» Aim of the exercise
Without the pictures, can you quote each line below exactly?

» Recorded information
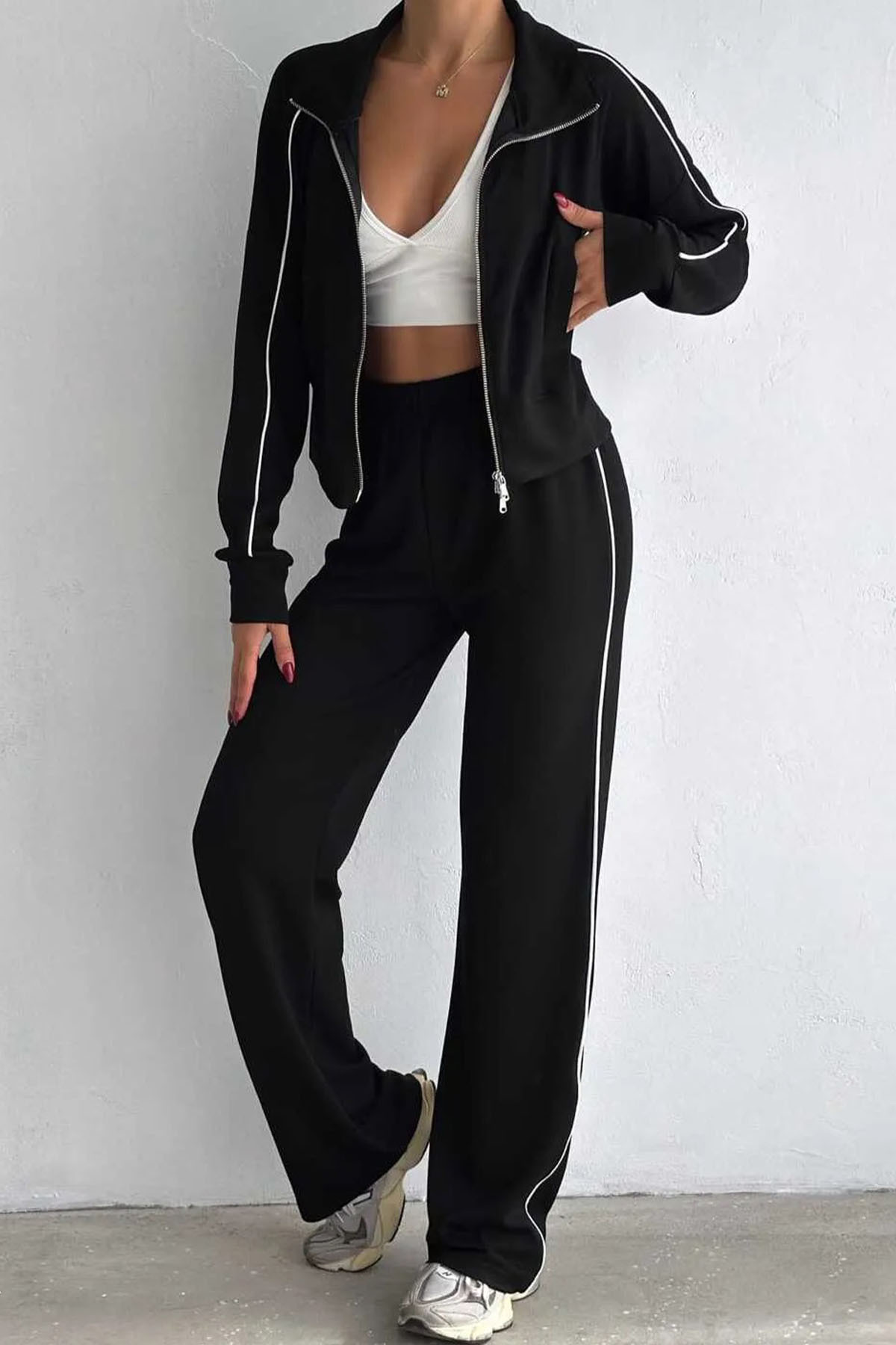 Siyah Biyeli Modal Eşofman Takım Siyah Biyeli Modal Eşofman Takım W234001 40
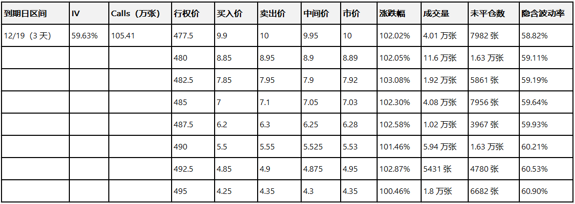 观察本周五行权的CALL单,多张涨幅翻倍。
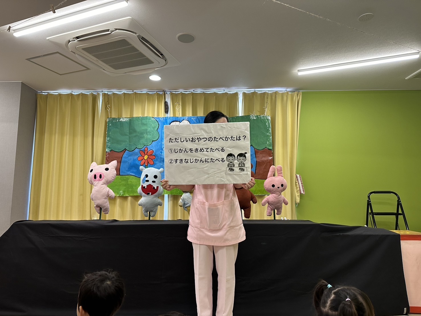 「正しいおやつのたべかたは? ①時間を決めて食べる ➁好きな時間に食べる」というクイズでは自信満々に①に手を挙げる子どもたちでした👏
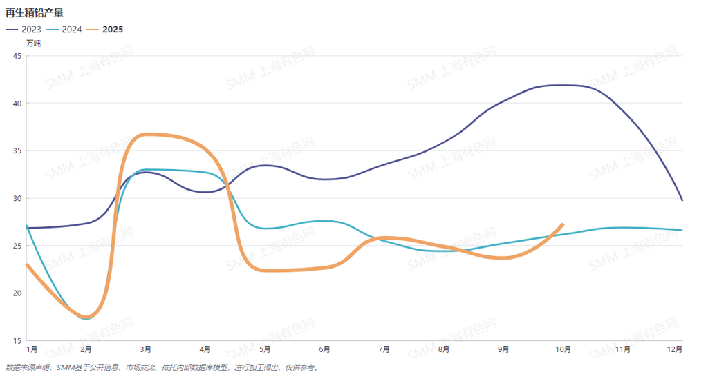 | 报告品种:铅 原文链接:https://mp.weixin.qq.com/s/_gpm4BxzF4bFrgI9oU2Nmg?scene=1&click_id=3 2025年10月再生铅产量明显上升,环比增加9.24%,同比去年增加11.86%;再生精铅产量环比上升15.25%,同比去年增加4.27%。

» Response to this exercise
 Siyah Biyeli Modal Eşofman Takım Siyah Biyeli Modal Eşofman Takım W234001 40
 观察本周五行权的CALL单,多张涨幅翻倍。
 「正しいおやつのたべかたは? ①時間を決めて食べる ➁好きな時間に食べる」というクイズでは自信満々に①に手を挙げる子どもたちでした👏
 | 报告品种:铅 原文链接:https://mp.weixin.qq.com/s/_gpm4BxzF4bFrgI9oU2Nmg?scene=1&click_id=3 2025年10月再生铅产量明显上升,环比增加9.24%,同比去年增加11.86%;再生精铅产量环比上升15.25%,同比去年增加4.27%。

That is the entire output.